The sequence ${u_n}$ is given by the recurrence relation

$u_{n+1}=u_n-2 $ for n = 1,2,3, ...,

and the initial term $u_1=-1$

Prove by induction that $\sum^m_{n=1} u_n = -m^2$ for att $m\geq 1$

I get stuck in the induction step.

Answer 1

Clearly the result holds for $m=1:$ $\sum_{n=1}^{1}u_n=u_1=-1=-1^2$.

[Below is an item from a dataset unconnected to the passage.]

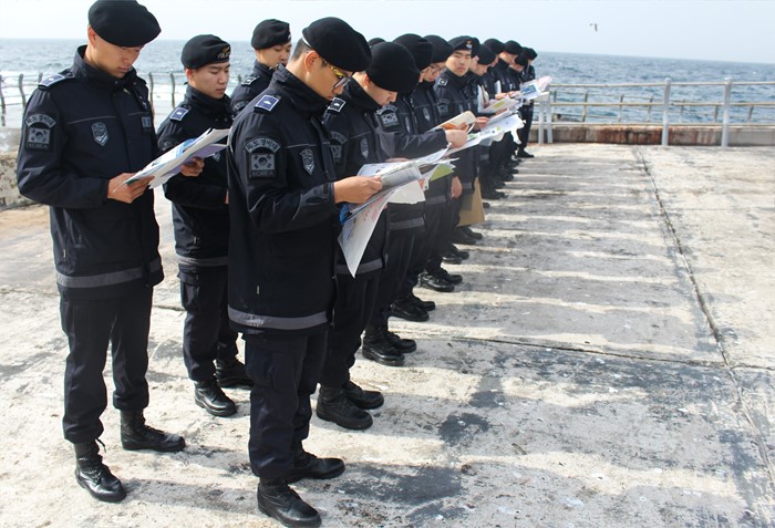 (서울=포커스뉴스) 9일 오전 경북 울릉군 독도에서 독도경비대원들이 제20대 국회의원 선거 거소투표를 하기 전 후보 안내문을 보고 있다. <사진제공=경북지방경찰청>
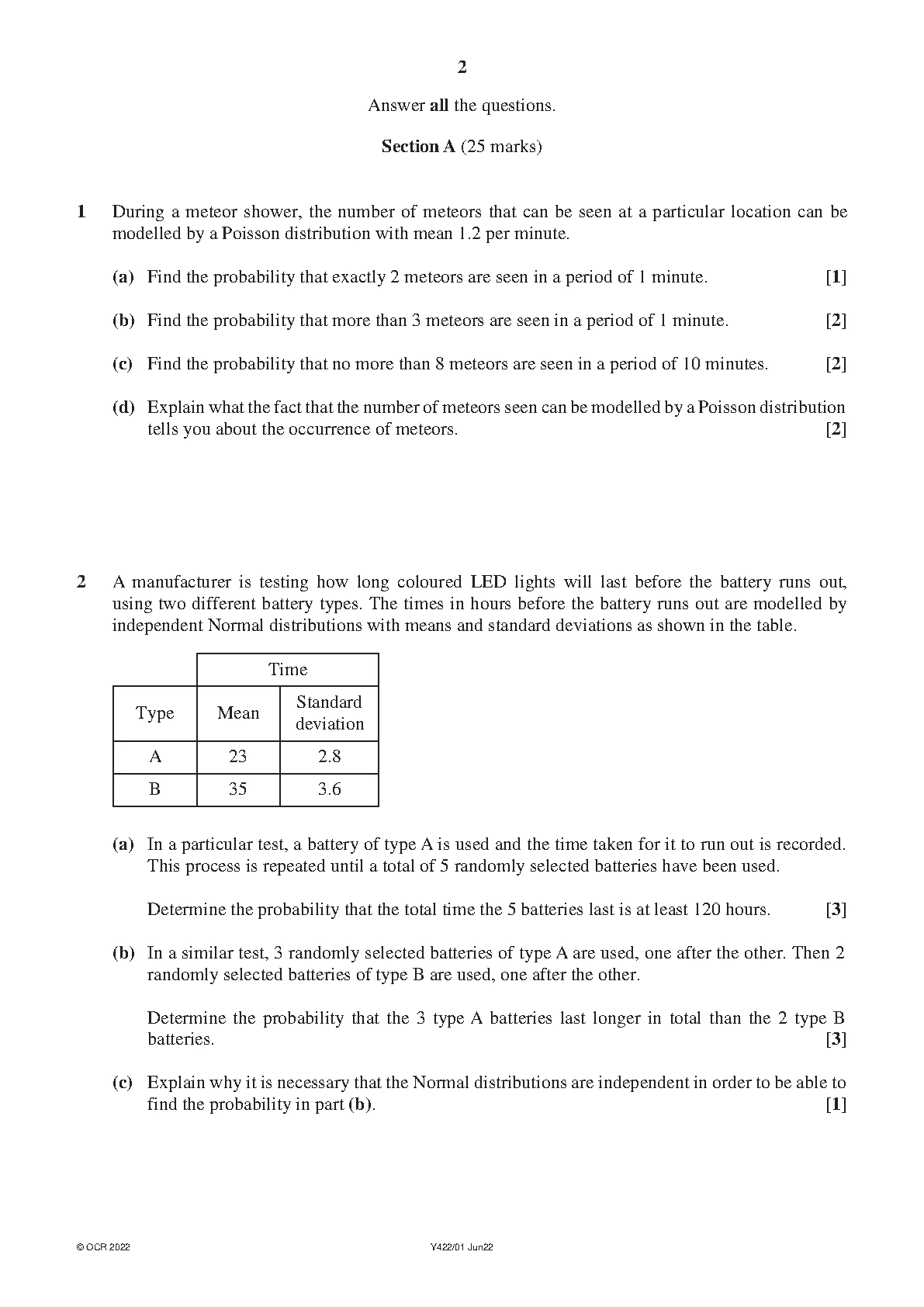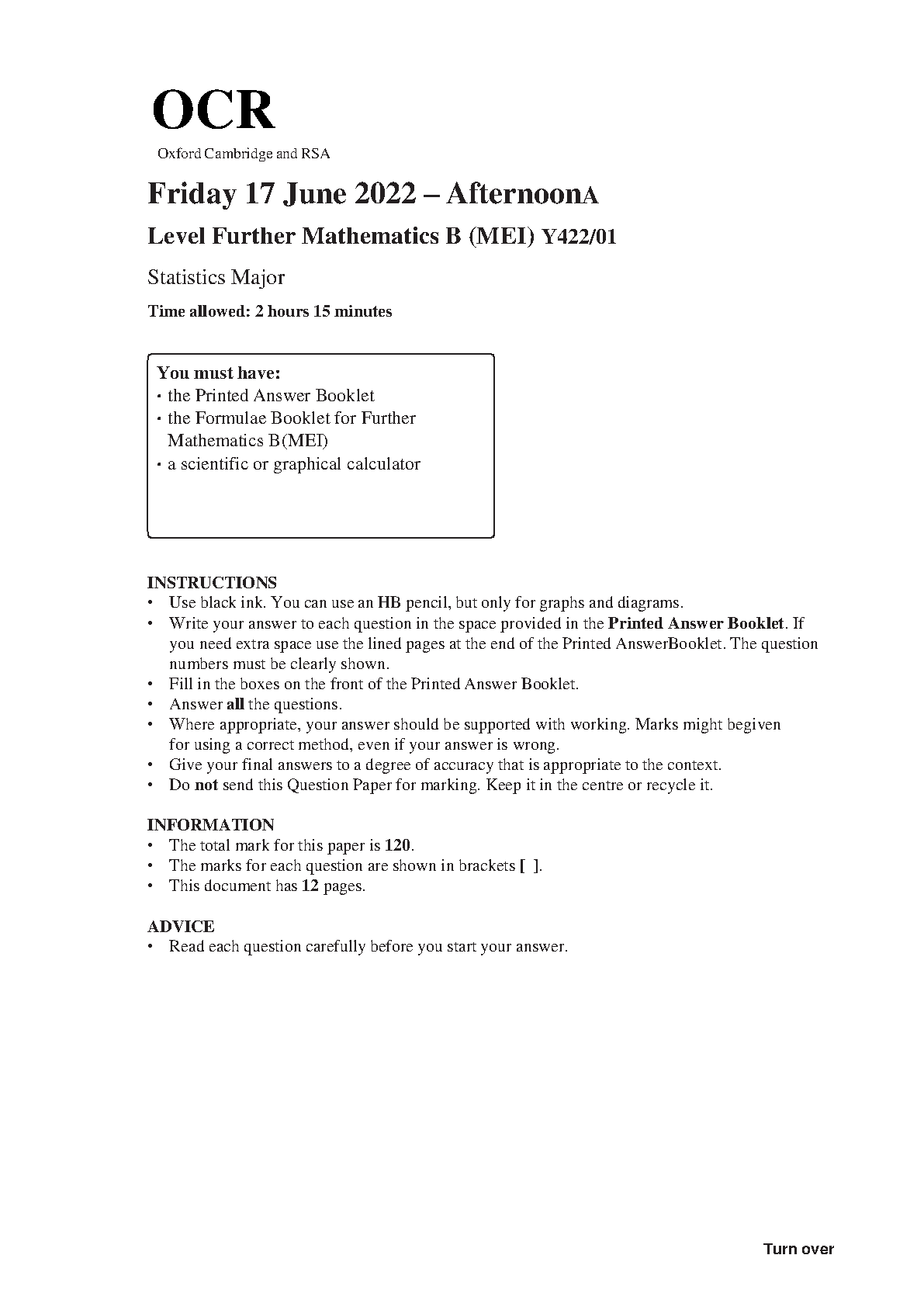 OCR A LEVEL FURTHER MATHEMATICS B PAPER 1 JUNE 2022 QUESTION PAPER (Y422/01: Statistics Major)

Assume the result holds for $m=k$ for some $k\in \mathbb{N}$. Then $$\sum_{n=1}^{k}u_n=-k^2.$$

Consider when $n=k+1$. We have $u_k=-2k+1$ and so $$\begin{align} \sum_{n=1}^{k+1}u_n&=u_{k+1}+\sum_{n=1}^{k}u_n \\ &=(u_k-2)-k^2 \\ &=-2k-1-k^2 \\ &=-(k+1)^2. \end{align}$$

Hence the result holds by induction.

Answer 2

First of all show $u_n=-2n+1$ for all $n$

Then you have $$\sum_{n=1}^{m+1} u_n=\sum_{n=1}^m u_n+u_{m+1}=-m^2+u_m-2=-m^2-2m+1-2=-m^2-2m-1=-(m+1)^2$$